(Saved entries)
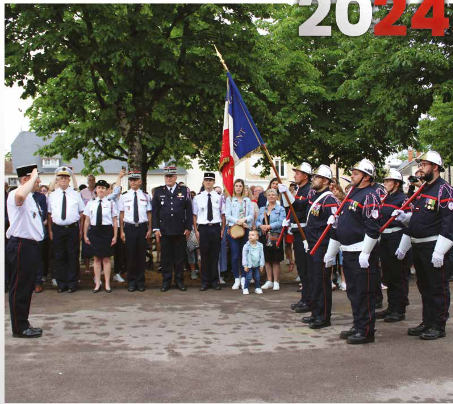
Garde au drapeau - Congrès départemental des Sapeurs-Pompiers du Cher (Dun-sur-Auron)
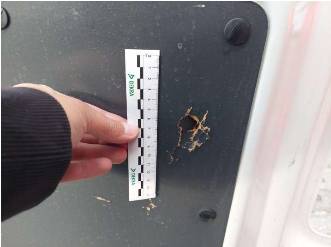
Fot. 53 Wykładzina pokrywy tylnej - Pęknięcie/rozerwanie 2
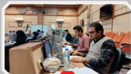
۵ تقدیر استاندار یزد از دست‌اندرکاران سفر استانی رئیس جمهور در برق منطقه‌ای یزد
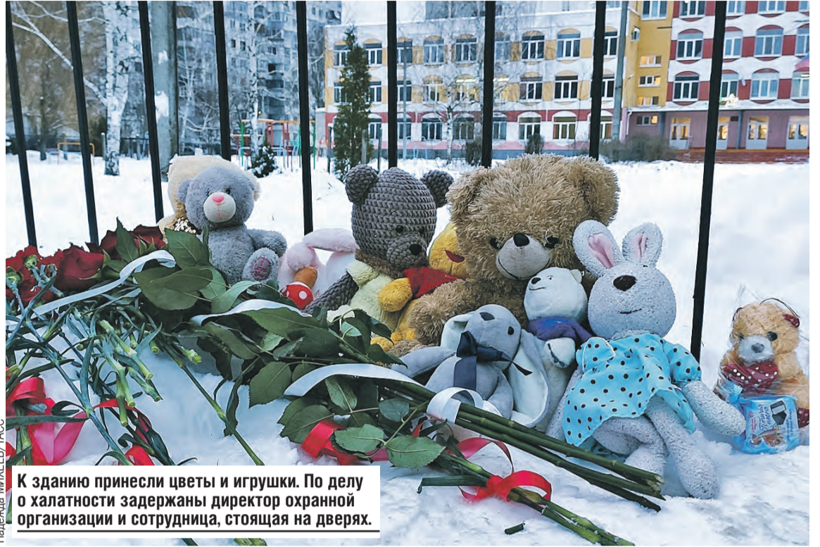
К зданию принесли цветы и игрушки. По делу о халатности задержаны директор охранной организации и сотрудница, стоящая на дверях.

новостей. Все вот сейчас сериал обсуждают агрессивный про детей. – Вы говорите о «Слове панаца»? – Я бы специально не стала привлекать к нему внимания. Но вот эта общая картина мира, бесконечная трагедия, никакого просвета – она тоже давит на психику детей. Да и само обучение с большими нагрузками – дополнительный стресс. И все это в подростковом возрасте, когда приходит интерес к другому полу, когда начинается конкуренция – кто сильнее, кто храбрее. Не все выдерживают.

EXERCISE REQUIREMENTS: Please output, exactly and with no pictures, only the lines from the one containing "Fot. 53 Wykładzina" through the final line of the records above.

OUTPUT BELOW:
Fot. 53 Wykładzina pokrywy tylnej - Pęknięcie/rozerwanie 2
۵ تقدیر استاندار یزد از دست‌اندرکاران سفر استانی رئیس جمهور در برق منطقه‌ای یزد
К зданию принесли цветы и игрушки. По делу о халатности задержаны директор охранной организации и сотрудница, стоящая на дверях.

новостей. Все вот сейчас сериал обсуждают агрессивный про детей. – Вы говорите о «Слове панаца»? – Я бы специально не стала привлекать к нему внимания. Но вот эта общая картина мира, бесконечная трагедия, никакого просвета – она тоже давит на психику детей. Да и само обучение с большими нагрузками – дополнительный стресс. И все это в подростковом возрасте, когда приходит интерес к другому полу, когда начинается конкуренция – кто сильнее, кто храбрее. Не все выдерживают.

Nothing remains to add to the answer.